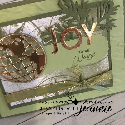 Attach the DSP layer to another Mossy Meadow mat that is 1/4″ larger than the DSP layer (3 1/4″ x 4 1/4″), then attach the pine bough to the top right corner, the label over top of that, approximately the middle of the DSP, then the “world” (brass layer over the cut-out 2nd DSP circle “world”, part of the World Map dies as well), the J-O-Y letters as shown in the photo, with the ribbon knotted around the bottom of these layers. Just pop up the whole layer combo with dimensionals and you’re done!
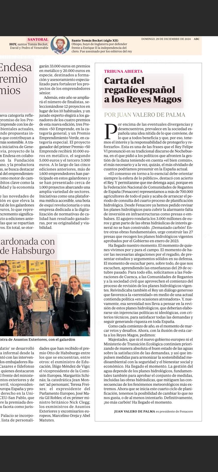 Tribuna abierta ABC del 29 de diciembre de 2024, por Juan Valero de Palma (presidente de la Federación Nacional de Comunidades de Regantes de España).
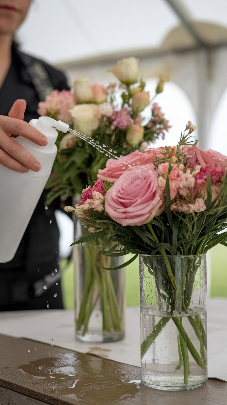 Hydrate flowers for several hours before arranging them. This ensures each bloom draws enough moisture to stay firm and vibrant. Keep bouquets and centerpieces in a cool, dark place while you prepare other decor elements.
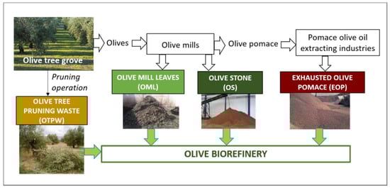 - Manzanares, P.; Ruiz, E.; Ballesteros, M.; Negro, M.J.; Gallego, F.J.; López-Linares, J.C.; Castro, E. Residual biomass potential in olive tree cultivation and olive oil industry in Spain: Valorization proposal in a biorefinery context. Span. J. Agric. Res. 2017, 15, e0206. [Google Scholar] [CrossRef]
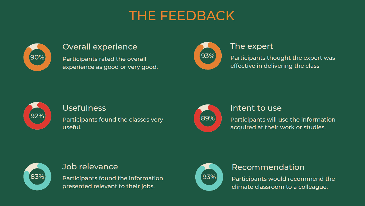 Une fois de plus, les Classes sur le climat ont constitué une ressource utile et enrichissante pour les participants qui assistaient et suivaient les négociations sur le climat. Dans l’ensemble, les participants ont largement apprécié l’édition de cette année : 90 % des personnes interrogées dans le cadre d’un sondage l’ont jugée bonne ou très bonne, et 92 % ont trouvé les cours très utiles.
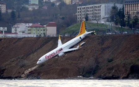 Turkish passenger plane skids off runway onto seaside cliff
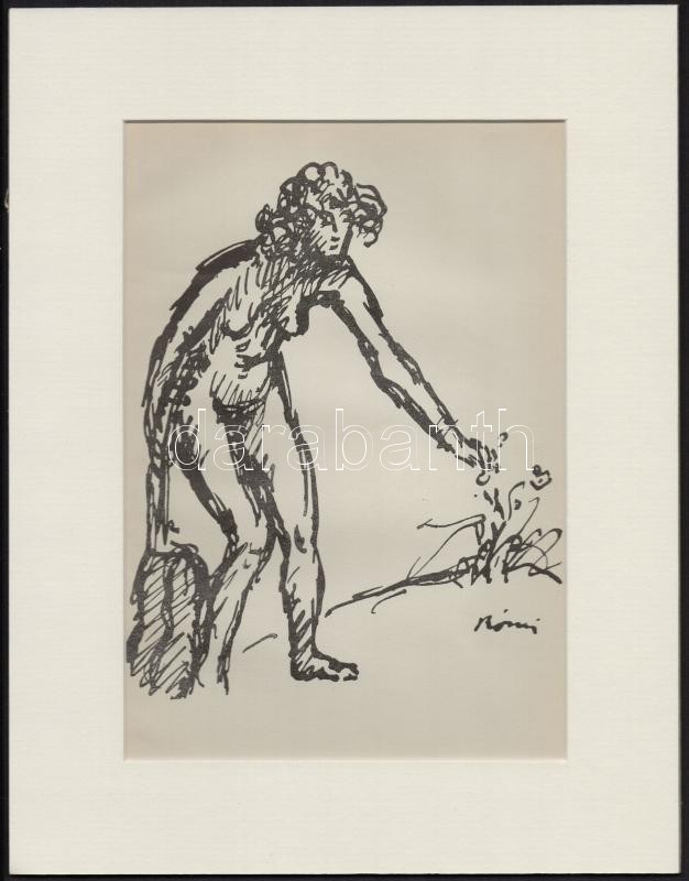 Beschreibung: Rippl-Rónai József (1861-1927): Virágot szedő akt. Cinkográfia, papír, jelzett a cinkográfián, paszpartuban, 16×23,5 cm
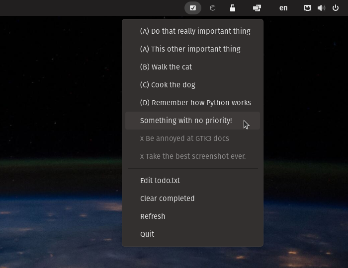 todo-indicator ~/todo.txtClick the indicator icon to see your list. If you finish one of your tasks, give yourself a pat on the back and click it! It'll be marked "done."
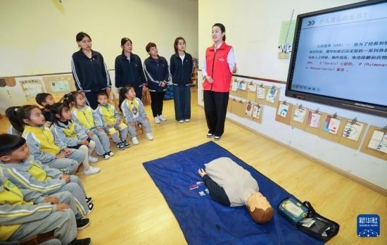 10月22日,國網(wǎng)浙江湖州供電公司“救”在身邊志愿服務(wù)隊(duì)的黨員志愿者梅月圓(右一)在長興縣開發(fā)區(qū)中心幼兒園開展應(yīng)急救護(hù)培訓(xùn)和急救知識(shí)普及。紅十字二級(jí)應(yīng)急救護(hù)師梅月圓是應(yīng)急救護(hù)培訓(xùn)志愿者,也是浙江省三八紅旗手。
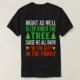 My 11 yo wore adult XL (5’7” 165#). The 8yo is small framed. She wore adult small and tied it in the back. Grandma wore adult large with long sleeve shirt underneath. Tall girl adult medium. Dark haired male adult large. Good quality dark Heather gray, Gildan brand shirt. -it was next up from basic choice and cost about $20 per shirt. Not too thick or thin. Washed and dried well, no major shrinkage. Not see-through. Can wear a bra under it fine. Screen print is just as shown and well done, front and back.
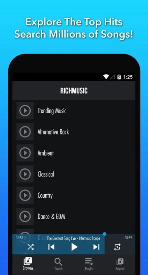 Disclaimer: Hal ini tidak gratis mp3 musik downloader aplikasi dan tidak memungkinkan Anda untuk men-download musik gratis untuk mendengarkan secara offline tanpa WiFi. RichMusic hanya stream hukum lagu bebas royalti dan dapat TIDAK mp3 musik download atau tembolok sebagai downloader musik gratis. Untuk informasi lebih lanjut, silakan lihat Persyaratan Layanan dalam aplikasi.
------------------------------------------------------------------------
Retype the entries verbatim and drop the pictures.

 Attach the DSP layer to another Mossy Meadow mat that is 1/4″ larger than the DSP layer (3 1/4″ x 4 1/4″), then attach the pine bough to the top right corner, the label over top of that, approximately the middle of the DSP, then the “world” (brass layer over the cut-out 2nd DSP circle “world”, part of the World Map dies as well), the J-O-Y letters as shown in the photo, with the ribbon knotted around the bottom of these layers. Just pop up the whole layer combo with dimensionals and you’re done!
 Tribuna abierta ABC del 29 de diciembre de 2024, por Juan Valero de Palma (presidente de la Federación Nacional de Comunidades de Regantes de España).
 Hydrate flowers for several hours before arranging them. This ensures each bloom draws enough moisture to stay firm and vibrant. Keep bouquets and centerpieces in a cool, dark place while you prepare other decor elements.
 - Manzanares, P.; Ruiz, E.; Ballesteros, M.; Negro, M.J.; Gallego, F.J.; López-Linares, J.C.; Castro, E. Residual biomass potential in olive tree cultivation and olive oil industry in Spain: Valorization proposal in a biorefinery context. Span. J. Agric. Res. 2017, 15, e0206. [Google Scholar] [CrossRef]
 Une fois de plus, les Classes sur le climat ont constitué une ressource utile et enrichissante pour les participants qui assistaient et suivaient les négociations sur le climat. Dans l’ensemble, les participants ont largement apprécié l’édition de cette année : 90 % des personnes interrogées dans le cadre d’un sondage l’ont jugée bonne ou très bonne, et 92 % ont trouvé les cours très utiles.
 Turkish passenger plane skids off runway onto seaside cliff
 Beschreibung: Rippl-Rónai József (1861-1927): Virágot szedő akt. Cinkográfia, papír, jelzett a cinkográfián, paszpartuban, 16×23,5 cm
 todo-indicator ~/todo.txtClick the indicator icon to see your list. If you finish one of your tasks, give yourself a pat on the back and click it! It'll be marked "done."
 10月22日,國網(wǎng)浙江湖州供電公司“救”在身邊志愿服務(wù)隊(duì)的黨員志愿者梅月圓(右一)在長興縣開發(fā)區(qū)中心幼兒園開展應(yīng)急救護(hù)培訓(xùn)和急救知識(shí)普及。紅十字二級(jí)應(yīng)急救護(hù)師梅月圓是應(yīng)急救護(hù)培訓(xùn)志愿者,也是浙江省三八紅旗手。
 My 11 yo wore adult XL (5’7” 165#). The 8yo is small framed. She wore adult small and tied it in the back. Grandma wore adult large with long sleeve shirt underneath. Tall girl adult medium. Dark haired male adult large. Good quality dark Heather gray, Gildan brand shirt. -it was next up from basic choice and cost about $20 per shirt. Not too thick or thin. Washed and dried well, no major shrinkage. Not see-through. Can wear a bra under it fine. Screen print is just as shown and well done, front and back.
 Disclaimer: Hal ini tidak gratis mp3 musik downloader aplikasi dan tidak memungkinkan Anda untuk men-download musik gratis untuk mendengarkan secara offline tanpa WiFi. RichMusic hanya stream hukum lagu bebas royalti dan dapat TIDAK mp3 musik download atau tembolok sebagai downloader musik gratis. Untuk informasi lebih lanjut, silakan lihat Persyaratan Layanan dalam aplikasi.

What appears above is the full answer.